- **Data under study**

......

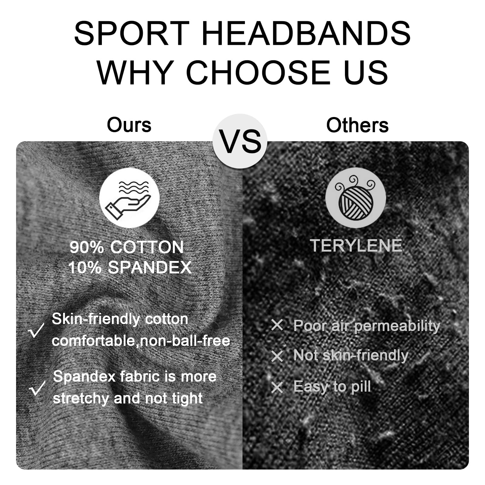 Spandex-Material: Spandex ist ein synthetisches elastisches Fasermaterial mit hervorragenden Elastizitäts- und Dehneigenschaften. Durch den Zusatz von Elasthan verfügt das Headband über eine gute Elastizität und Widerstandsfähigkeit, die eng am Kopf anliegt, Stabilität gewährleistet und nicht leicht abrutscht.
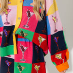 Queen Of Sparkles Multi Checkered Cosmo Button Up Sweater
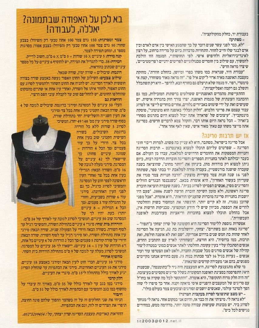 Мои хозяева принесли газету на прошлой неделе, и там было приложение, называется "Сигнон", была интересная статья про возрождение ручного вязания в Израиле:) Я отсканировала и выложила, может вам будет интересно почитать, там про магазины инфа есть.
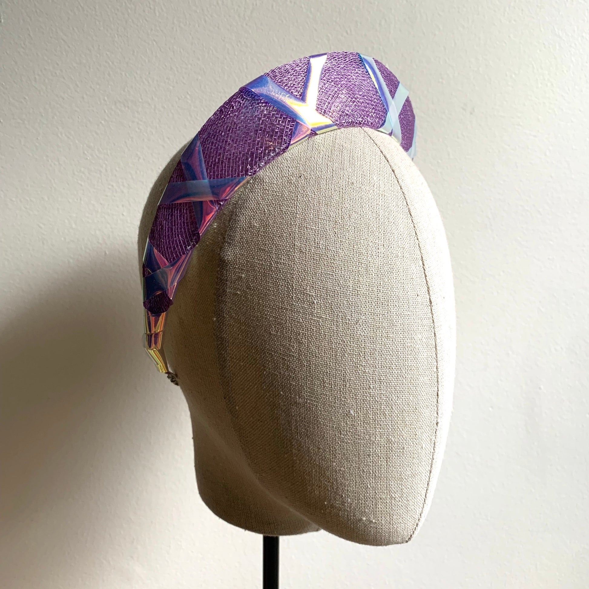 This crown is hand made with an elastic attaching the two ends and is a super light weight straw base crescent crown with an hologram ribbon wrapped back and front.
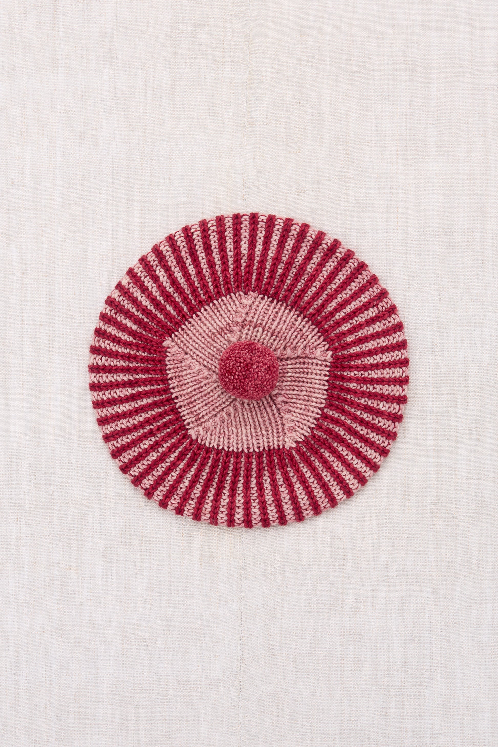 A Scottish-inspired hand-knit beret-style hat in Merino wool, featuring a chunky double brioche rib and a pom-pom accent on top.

......

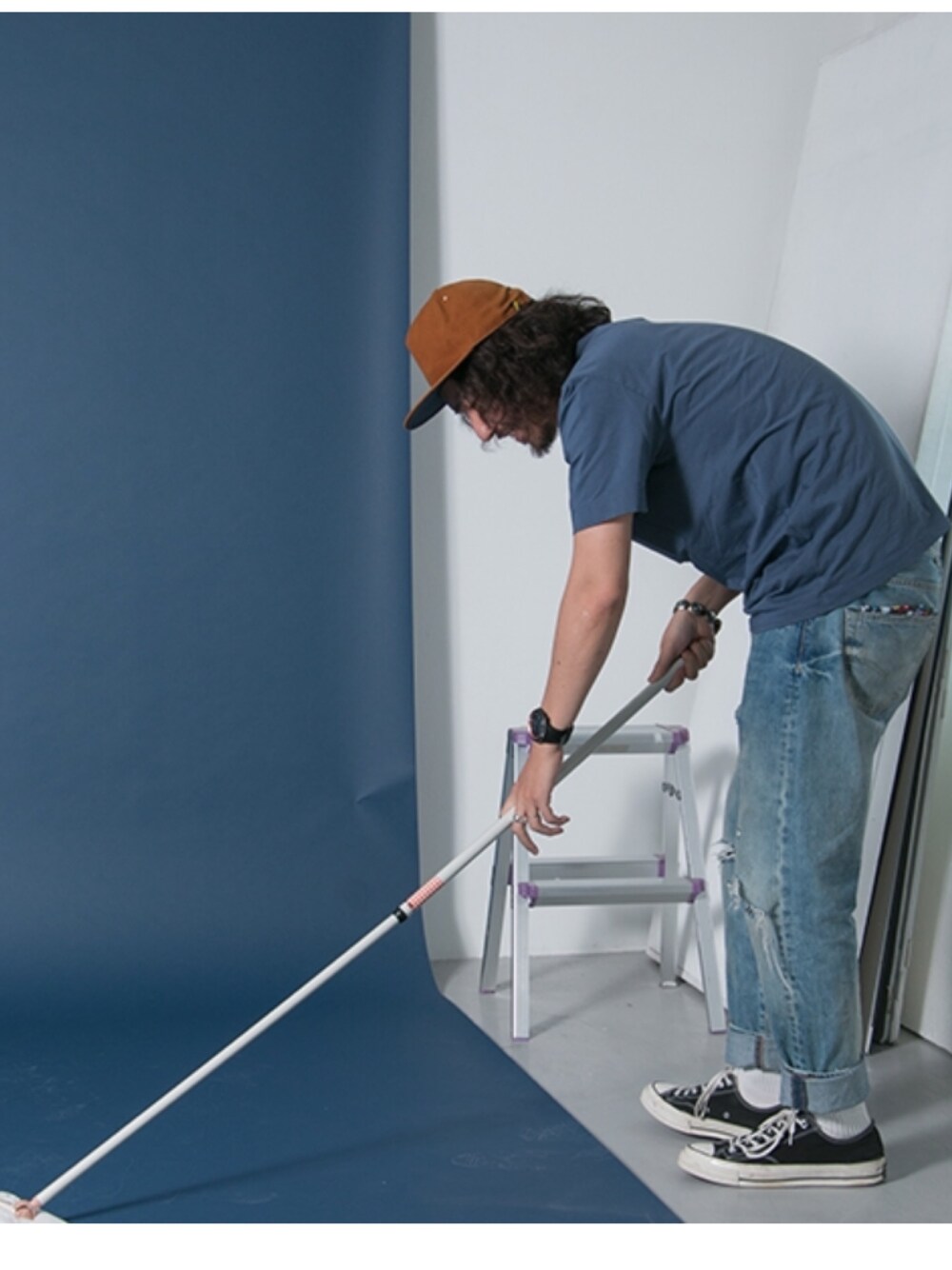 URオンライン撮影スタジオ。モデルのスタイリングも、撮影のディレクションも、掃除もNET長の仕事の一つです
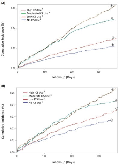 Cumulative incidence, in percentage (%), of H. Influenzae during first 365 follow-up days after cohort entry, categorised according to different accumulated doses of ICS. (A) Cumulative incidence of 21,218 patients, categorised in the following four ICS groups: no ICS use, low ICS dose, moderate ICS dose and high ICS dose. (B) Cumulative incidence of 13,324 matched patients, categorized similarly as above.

......

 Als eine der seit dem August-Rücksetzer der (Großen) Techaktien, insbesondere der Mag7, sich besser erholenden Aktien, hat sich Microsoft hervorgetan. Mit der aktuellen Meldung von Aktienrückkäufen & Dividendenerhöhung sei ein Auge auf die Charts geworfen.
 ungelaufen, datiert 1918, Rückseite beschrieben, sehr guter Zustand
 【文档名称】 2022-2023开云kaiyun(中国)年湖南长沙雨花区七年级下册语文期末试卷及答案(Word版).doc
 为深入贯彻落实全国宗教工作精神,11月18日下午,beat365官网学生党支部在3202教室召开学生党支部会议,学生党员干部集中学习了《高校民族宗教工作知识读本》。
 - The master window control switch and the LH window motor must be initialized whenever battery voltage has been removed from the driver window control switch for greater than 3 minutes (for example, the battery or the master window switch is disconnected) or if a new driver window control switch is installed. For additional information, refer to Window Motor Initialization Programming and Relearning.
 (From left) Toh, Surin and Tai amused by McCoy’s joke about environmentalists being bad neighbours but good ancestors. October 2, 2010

......

- **Directions for this task**
Reproduce, word for word, everything in the listing above from the line containing "Spandex-Material: Spandex ist" down to the line containing "Мои хозяева принесли", both of them included. No pictures.

- **Answer section**
 Spandex-Material: Spandex ist ein synthetisches elastisches Fasermaterial mit hervorragenden Elastizitäts- und Dehneigenschaften. Durch den Zusatz von Elasthan verfügt das Headband über eine gute Elastizität und Widerstandsfähigkeit, die eng am Kopf anliegt, Stabilität gewährleistet und nicht leicht abrutscht.
 Queen Of Sparkles Multi Checkered Cosmo Button Up Sweater
 Мои хозяева принесли газету на прошлой неделе, и там было приложение, называется "Сигнон", была интересная статья про возрождение ручного вязания в Израиле:) Я отсканировала и выложила, может вам будет интересно почитать, там про магазины инфа есть.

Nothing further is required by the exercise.